Em 1914, no Natal, “surgiu um sentimento pacífico espontâneo nas zonas de guerra, quando as tropas de todos os exércitos europeus celebravam o nascimento do Salvador.
(…) Na manhã seguinte, soldados alemães deslocaram-se até à linha de arame farpado britânico e soldados ingleses foram ao encontro deles. ‘Pareceram ser muito amigáveis e trocámos lembranças, estrelas para os bonés, insígnias, etc.’, anotou Hulse. Os ingleses ofereceram aos alemães pudins de ameixa, ‘de que eles gostaram muito’.
(…) A Legião Estrangeira Francesa estava numa parte da linha onde a luta se interrompeu, os que tinham sepultado os corpos voltaram ao trabalho e foram trocados tabaco e chocolates. Entre os legionários estava Victor Chapman, um americano que se tinha graduado em Harvard em 1913. ‘Durante todo o dia não houve troca de tiros, e na noite passada a tranquilidade foi absoluta’, escreveu aos seus pais a 26 de Dezembro, ‘mas no entanto fomos instados a estar alerta. Esta manhã, Nedim, um turco pitoresco e acriançado, começou de novo a erguer-se na trincheira e a gritar para o outro lado. Vesconsoledoss, um cauteloso português, disse-lhe que não se expusesse daquele modo, e então, e porque falava alemão, fez alguns comentários mostrando a cabeça. Voltou-se para descer e – caiu! Uma bala tinha-lhe entrado pela parte de trás do crânio: gemidos, uma poça de sangue.’
Sir John French recordou mais tarde que quando lhe foi dado conhecimento daquela confraternização, ‘Dei de imediato ordens para evitar qualquer nova ocorrência de tal conduta, e disse aos comandantes locais que deveriam ser estritamente cumpridas, o que teve como resultado um boa quantidade de problemas.'”
Cuidado com quem nos incita a lutar. Cuidado com quem nos diz que é mais humano ou existencial fazê-lo quando, na verdade, o mais humano é sempre trocar cromos e jogar ao berlinde.

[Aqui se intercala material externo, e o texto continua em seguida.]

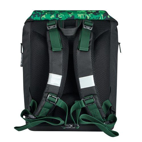 38x28x23 cm. Ergonomicky tvarované a prodyšné zadní polstrování, Duální nastavitelné ramenní popruhy, výškově nastavitelný hrudní pás, Reflexní materiál Oralite, Magnetický uzávěr FidLock, Impregnace odpuzující vodu, Stabilní deska s plastovými nožičkami, 2 výměnné motivy se suchým zipem, Rukojeť. 1 prostorná vnitřní přihrádka s odděleným prostorem pro knihy, 2 boční kapsy se zapínáním na zip.
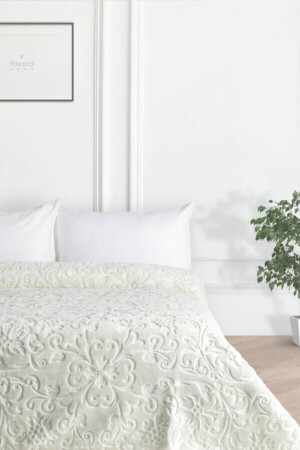 Krem Çift Kişilik Fransız Güpürlü Çeyizlik Battaniye Takımı
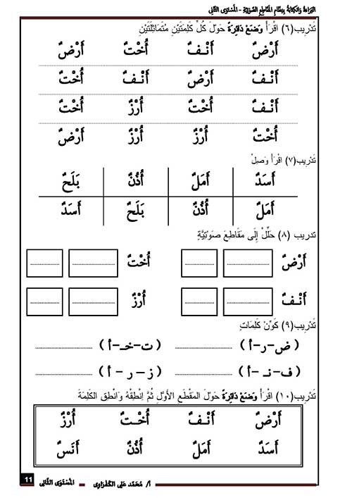 مذكرة تعليم القراءة والكتابة للأطفال بنظام التحليل الصوتي للكلمات المستوى الثانى
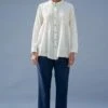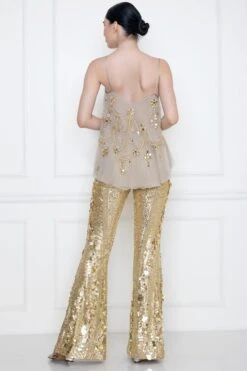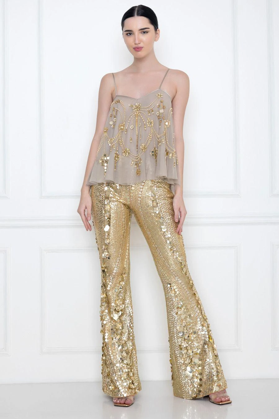 This statement camisole will make dressing up for any evening party a breeze. Crafted in net & viscose georgette, it is embellished with mirrors, feathers & pearls. Style it with a pair of flared trousers from the collection to complete the look.
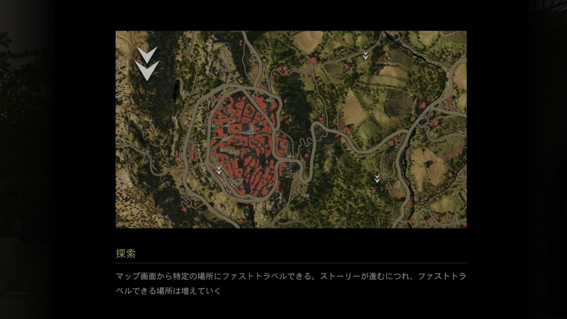 ファストトラベルの場所は、ストーリー進行によって解放されていき、マップ上から自由に移動することができます。
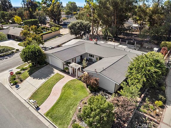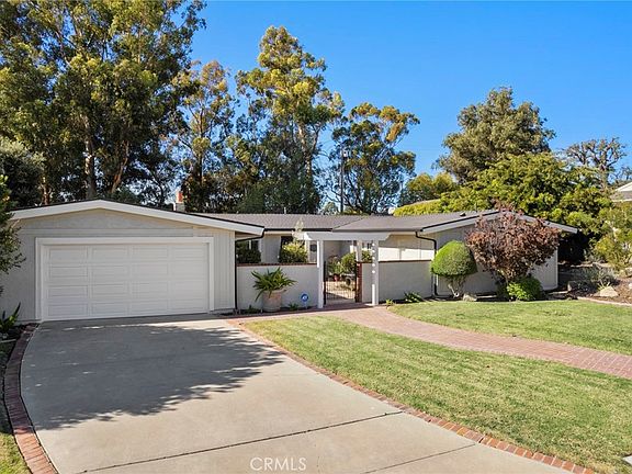 Situated on a spacious and beautifully positioned corner lot, 1501 Avolencia Drive, enjoys a tranquil location on the famed Fullerton Bridle Trail, with direct trail access from the backyard, you will find miles and miles of hiking, biking and equestrian trails quite literally on your doorstep. This mid-century inspired ranch style residence exudes an understated style and quality upgrades throughout. Step inside through a custom glass accented front door, an inviting and welcoming formal dining room features vaulted ceilings, brick fireplace and a custom wall of cabinets and shelving. French doors lead to the backyard as well. The great room and kitchen are really a special space with vaulted ceilings and an amazing wall of south facing windows and French doors that lead to an expansive red brick patio – ideal for outdoor entertaining. At the heart of the home is the chef quality kitchen with custom cabinetry, granite counters are accented by a stylish white subway tile and glass pendent lighting. A suite of GE s.s. appliances include dishwasher, fridge and built in oven and microwave. A 5 burner Dacor gas cooktop completes the kitchen. A remodeled powder room is found down the hallway with laundry closet. At the rear of the home two comfortably sized secondary bedrooms are found with vaulted ceilings and an upgraded ¾ jack n’ jill bathroom between them. One bedroom features custom built-ins creating great storage space and work area. Bedroom three features a custom built-in desk. The generously sized primary suite features vaulted ceilings and French doors that lead to the front courtyard. A walk in closet and updated en-suite bathroom complete the suite. A drought tolerant backyard offers so many options with amazing space and privacy with covered trellises along the west side of the home. Come and enjoy all that makes this coveted neighborhood so desirable – trails, schools, proximity to shopping, downtown Fullerton and St. Jude.
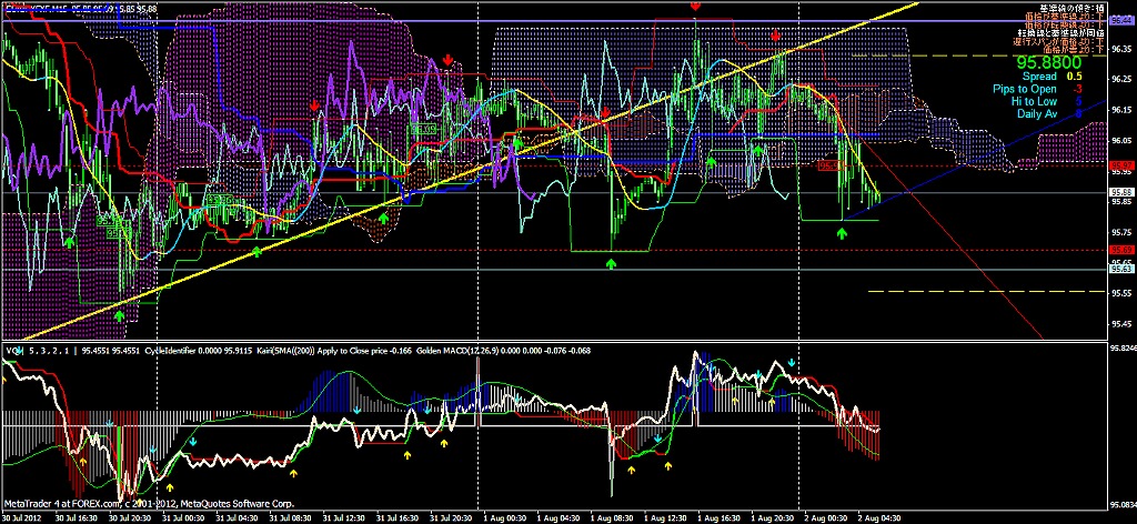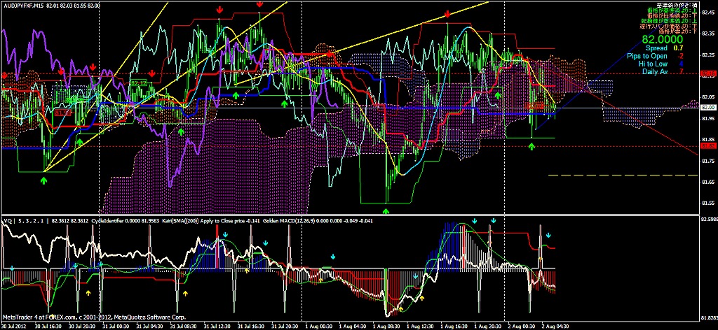 2012/08/02 - けろけろさんの株式ブログ。タイトル:「2012-08-02 15分足」 本文:左から ユーロドル ユーロ円 豪ドル円昨日は、寝坊した上に朝からギャーギャー騒ぐ怪獣が3人・・・対応に追われてこっちまで手が回らなかった。

Riam. Riam de quem vos manda odiar. Talvez a rir se deixe de ouvir os uivos.
Mariana Santos Martins é arquitecta
N.D. Os textos de opinião expressam apenas as posições dos seus autores, e podem até estar, em alguns casos, nos antípodas das análises, pensamentos e avaliações do director do PÁGINA UM. O trecho citado consta nas páginas 76 a 78 do segundo volume de A Primeira Guerra Mundial, da obra de Martin Gilbert, editada em Portugal pela A Esfera dos Livros em 2007.